▸ Work item:
Apart from the pictures, every part of the records below gets retyped exactly.

══ Material provided

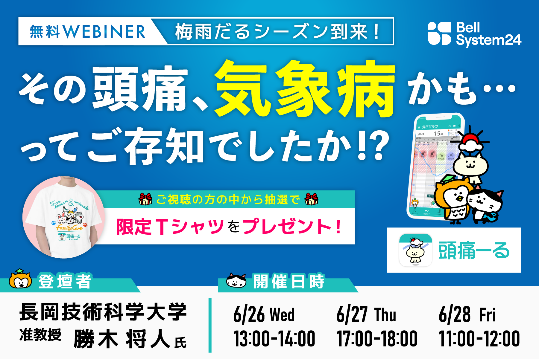 株式会社ベルシステム24(本社:東京都港区、代表取締役 社長執行役員:梶原 浩、以下:当社)は、梅雨の時期に起こりやすい気象病をテーマに、「イノベーターズラウンジ~梅雨だるシーズン到来!その頭痛、気象病かも…ってご存知でしたか!?」を6月26日(水)~28日(金)に限定配信します。
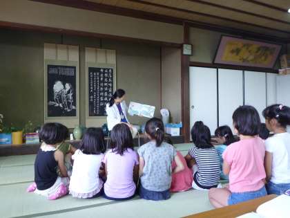 今日のお話は,七夕にちなんで,『たなばたむかし』(七夕がどうしてできたのかというお話)と『おこだでませんように』(「おこらでませんように」と短冊に願いを書いた男の子のお話)でした。子ども達は,どちらのお話にもくいいるようにして聞いていました。次回は秋です。次はどんなお話を読んでいただけるのかとても楽しみです。
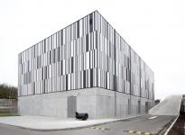 The new server facility lies beside the office building, set back from the street. The facade panels, which have to be closed, follow a random ‘binary’ pattern of black-and-white lines. The autonomous, abstract, near-iconic object is a counterweight to the ‘modest presence’. It is the very embodiment of the Telenet soul.
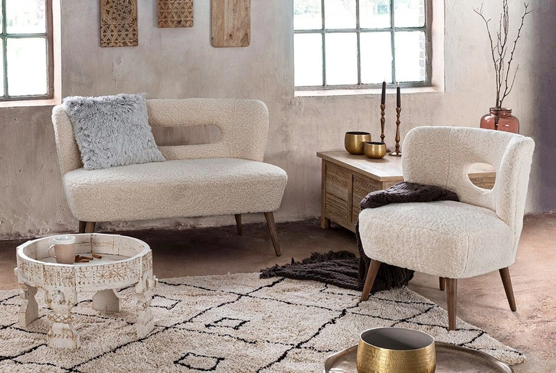 | Materiale: | Legno di pino, Rubberwood, Poliestere effetto lana, Schiuma poliuretanica |
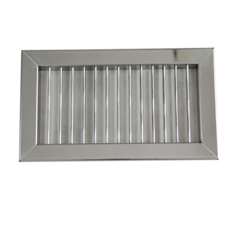 不銹鋼單層百葉風口是由若干片薄鋼板制成的葉片用鉚釘固定在外框上組成的。
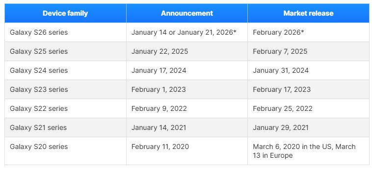 Как показывает история предыдущих релизов, Samsung придерживается схожего графика: серию Galaxy S25 представили 22 января 2025 года, а в продажу она поступила 7 февраля, тогда как S24 презентовали 17 января 2024 года с последующим запуском 31 января. Это делает январь и февраль традиционными месяцами для запуска новых поколений Galaxy.
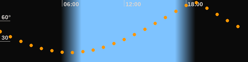 | Höchster Stand (Kulmination) | 18:45 Uhr (h = 87,4°) |
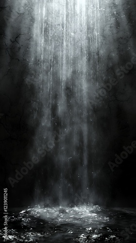 waterfall, water, cascade, dark, black, white, monochrome, grey, shadow, light, texture, rock, stone, wall, surface, liquid, flow, movement, stillness, contrast, mystery, dramatic, moody, obscure, enigmatic, serene, calm, peaceful, ambient, atmosphere, nature, photo, image, abstract, artistic, visual, composition, style, design, background
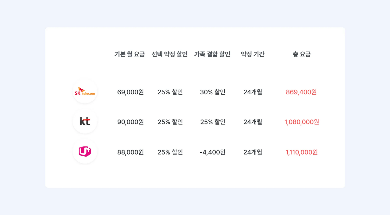 각 통신사 가족결합 할인 요금 비교표
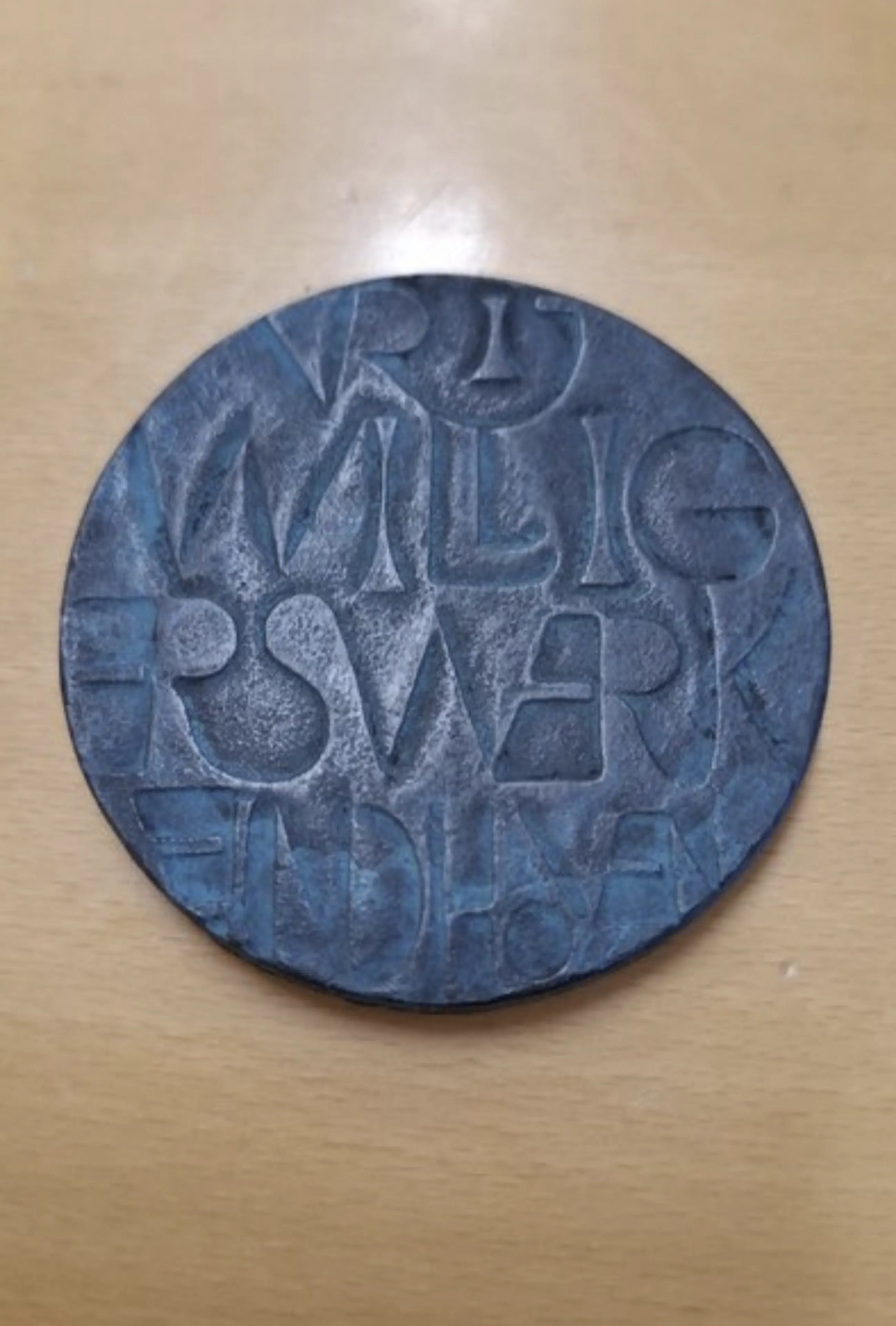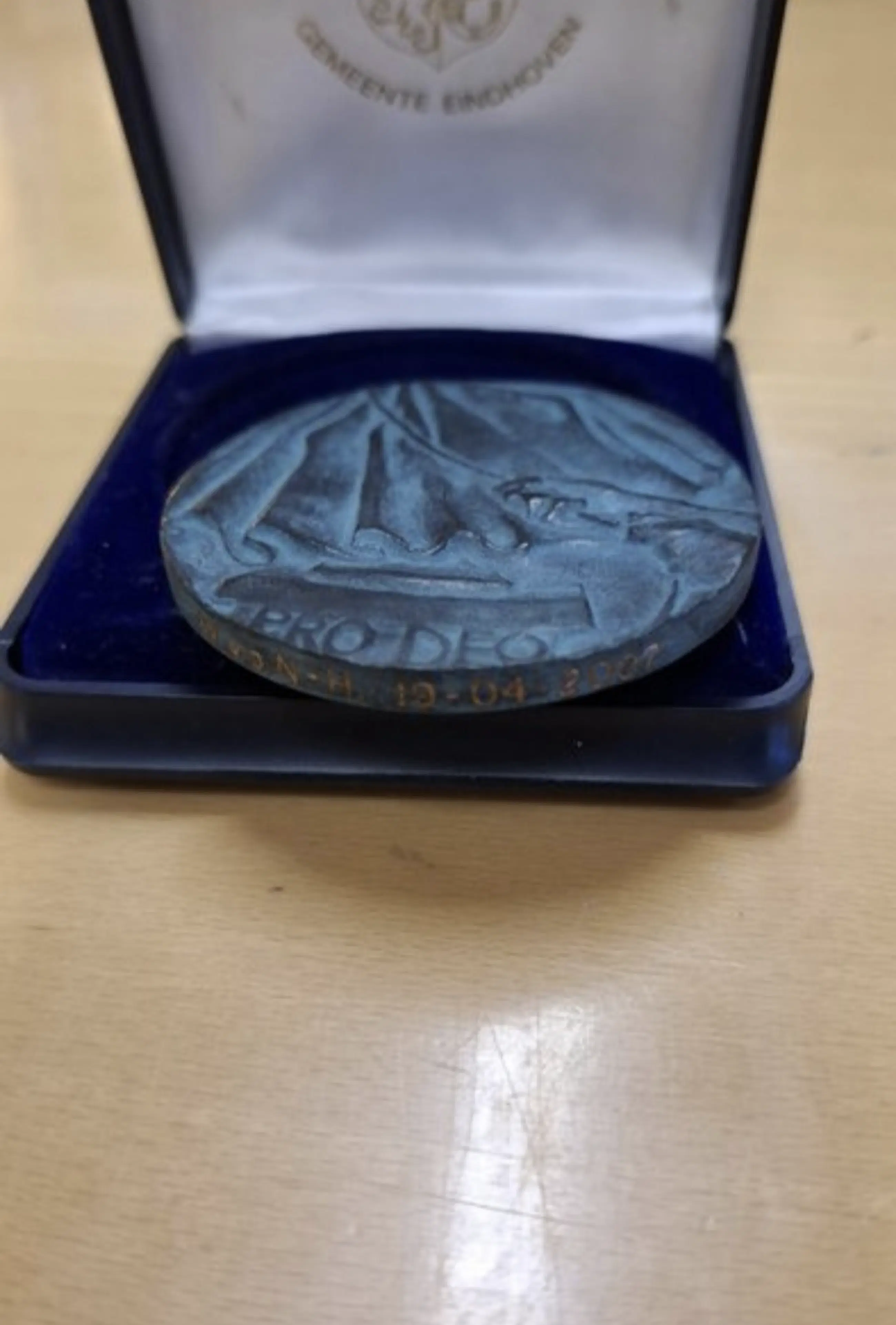 Zeldzame bronzen penning, ontworpen door Jos Reniers in opdracht van de Gemeente Eindhoven. De penning werd uitgereikt aan vrijwilligers als blijk van waardering voor hun inzet. Op de voorzijde zijn twee handen te zien die een doek wegtrekken, met de inscriptie “PRO DEO” – Latijn voor “voor God”, vaak gebruikt in de context van kosteloze rechtshulp of vrijwilligerswerk.
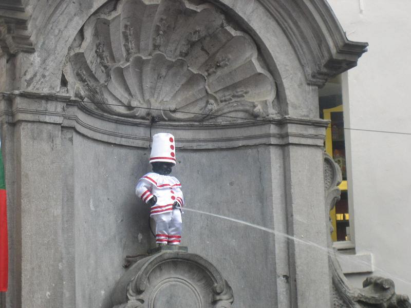 แล้วถึงมาทราบว่าเค้ากำลังจะเปลี่ยนชุดให้เจ้า Manneken Pis จ๊ะ จริงๆเลยนะ เพิ่งจะรู้วันนั้นเองว่าเจ้านี่น่ะมีตอนใส่เสื้อผ้าด้วย แล้วใส่มาเป็นร้อยๆชุดได้แล้ว ชุดที่ได้ก็มาจากหลายประเทศทั่วทุกมุมของโลกเลยเค้าส่งมาเรียกว่า donation รวมถึงเคยใส่ชุดประจำชาติไทยเรามาแล้วด้วย ว้าว ความรู้ใหม่น่ะเนี่ย หุหุ หรือว่ารู้ช้าไปมากกันแน่  เพราะปีที่แล้่วที่ไปก็เห็นว่ายืนแก้ผ้าอยู่นี่นา ภาพจากปีที่แล้วจ้า
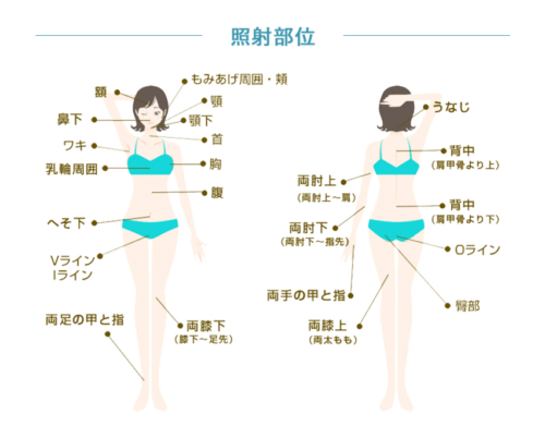 | 全身 | 胸・乳輪周囲・脇・腹・へそ下・背中・両肘上・両肘下・両手の甲と指・臀部・両膝上・両膝下・両足の甲と指 |
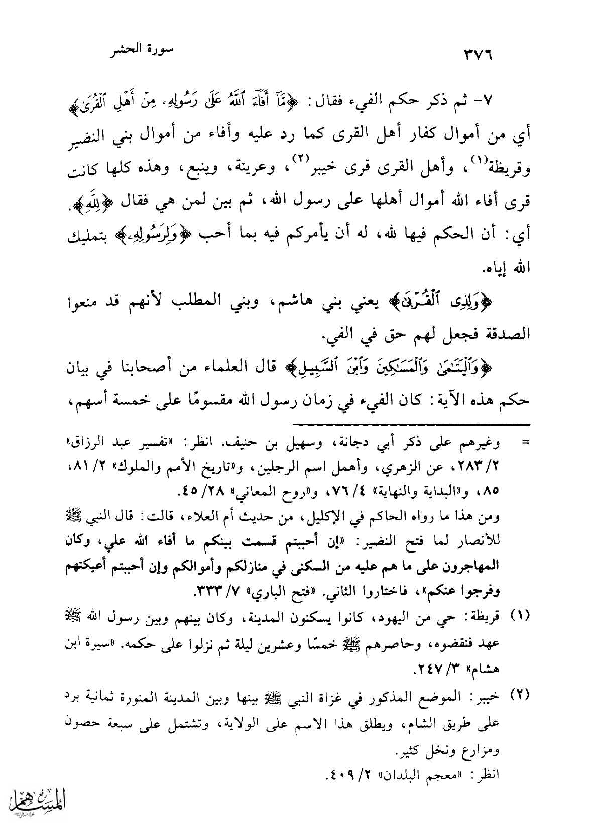 7 - ثم ذكر حكم الفيء فقال: {مَا أَفَاءَ اللَّهُ عَلَى رَسُولِهِ مِنْ أَهْلِ الْقُرَى} أي من أموال كفار أهل القرى كما رد عليه وأفاء من أموال بني النضير وقريظة (¬1)، وأهل القرى قرى خيبر (¬2)، وعرينة، وينبع، وهذه كلها كانت قرى أفاء الله أموال أهلها على رسول الله، ثم بين لمن هي فقال {لِلَّهِ}. أي: أن الحكم فيها لله، له أن يأمركم فيه بما أحب {وَلِرَسُولِهِ} بتمليك الله إياه.

════

▸ Response box:
 株式会社ベルシステム24(本社:東京都港区、代表取締役 社長執行役員:梶原 浩、以下:当社)は、梅雨の時期に起こりやすい気象病をテーマに、「イノベーターズラウンジ~梅雨だるシーズン到来!その頭痛、気象病かも…ってご存知でしたか!?」を6月26日(水)~28日(金)に限定配信します。
 今日のお話は,七夕にちなんで,『たなばたむかし』(七夕がどうしてできたのかというお話)と『おこだでませんように』(「おこらでませんように」と短冊に願いを書いた男の子のお話)でした。子ども達は,どちらのお話にもくいいるようにして聞いていました。次回は秋です。次はどんなお話を読んでいただけるのかとても楽しみです。
 The new server facility lies beside the office building, set back from the street. The facade panels, which have to be closed, follow a random ‘binary’ pattern of black-and-white lines. The autonomous, abstract, near-iconic object is a counterweight to the ‘modest presence’. It is the very embodiment of the Telenet soul.
 | Materiale: | Legno di pino, Rubberwood, Poliestere effetto lana, Schiuma poliuretanica |
 不銹鋼單層百葉風口是由若干片薄鋼板制成的葉片用鉚釘固定在外框上組成的。
 Как показывает история предыдущих релизов, Samsung придерживается схожего графика: серию Galaxy S25 представили 22 января 2025 года, а в продажу она поступила 7 февраля, тогда как S24 презентовали 17 января 2024 года с последующим запуском 31 января. Это делает январь и февраль традиционными месяцами для запуска новых поколений Galaxy.
 | Höchster Stand (Kulmination) | 18:45 Uhr (h = 87,4°) |
 waterfall, water, cascade, dark, black, white, monochrome, grey, shadow, light, texture, rock, stone, wall, surface, liquid, flow, movement, stillness, contrast, mystery, dramatic, moody, obscure, enigmatic, serene, calm, peaceful, ambient, atmosphere, nature, photo, image, abstract, artistic, visual, composition, style, design, background
 각 통신사 가족결합 할인 요금 비교표
 Zeldzame bronzen penning, ontworpen door Jos Reniers in opdracht van de Gemeente Eindhoven. De penning werd uitgereikt aan vrijwilligers als blijk van waardering voor hun inzet. Op de voorzijde zijn twee handen te zien die een doek wegtrekken, met de inscriptie “PRO DEO” – Latijn voor “voor God”, vaak gebruikt in de context van kosteloze rechtshulp of vrijwilligerswerk.
 แล้วถึงมาทราบว่าเค้ากำลังจะเปลี่ยนชุดให้เจ้า Manneken Pis จ๊ะ จริงๆเลยนะ เพิ่งจะรู้วันนั้นเองว่าเจ้านี่น่ะมีตอนใส่เสื้อผ้าด้วย แล้วใส่มาเป็นร้อยๆชุดได้แล้ว ชุดที่ได้ก็มาจากหลายประเทศทั่วทุกมุมของโลกเลยเค้าส่งมาเรียกว่า donation รวมถึงเคยใส่ชุดประจำชาติไทยเรามาแล้วด้วย ว้าว ความรู้ใหม่น่ะเนี่ย หุหุ หรือว่ารู้ช้าไปมากกันแน่  เพราะปีที่แล้่วที่ไปก็เห็นว่ายืนแก้ผ้าอยู่นี่นา ภาพจากปีที่แล้วจ้า
 | 全身 | 胸・乳輪周囲・脇・腹・へそ下・背中・両肘上・両肘下・両手の甲と指・臀部・両膝上・両膝下・両足の甲と指 |
 7 - ثم ذكر حكم الفيء فقال: {مَا أَفَاءَ اللَّهُ عَلَى رَسُولِهِ مِنْ أَهْلِ الْقُرَى} أي من أموال كفار أهل القرى كما رد عليه وأفاء من أموال بني النضير وقريظة (¬1)، وأهل القرى قرى خيبر (¬2)، وعرينة، وينبع، وهذه كلها كانت قرى أفاء الله أموال أهلها على رسول الله، ثم بين لمن هي فقال {لِلَّهِ}. أي: أن الحكم فيها لله، له أن يأمركم فيه بما أحب {وَلِرَسُولِهِ} بتمليك الله إياه.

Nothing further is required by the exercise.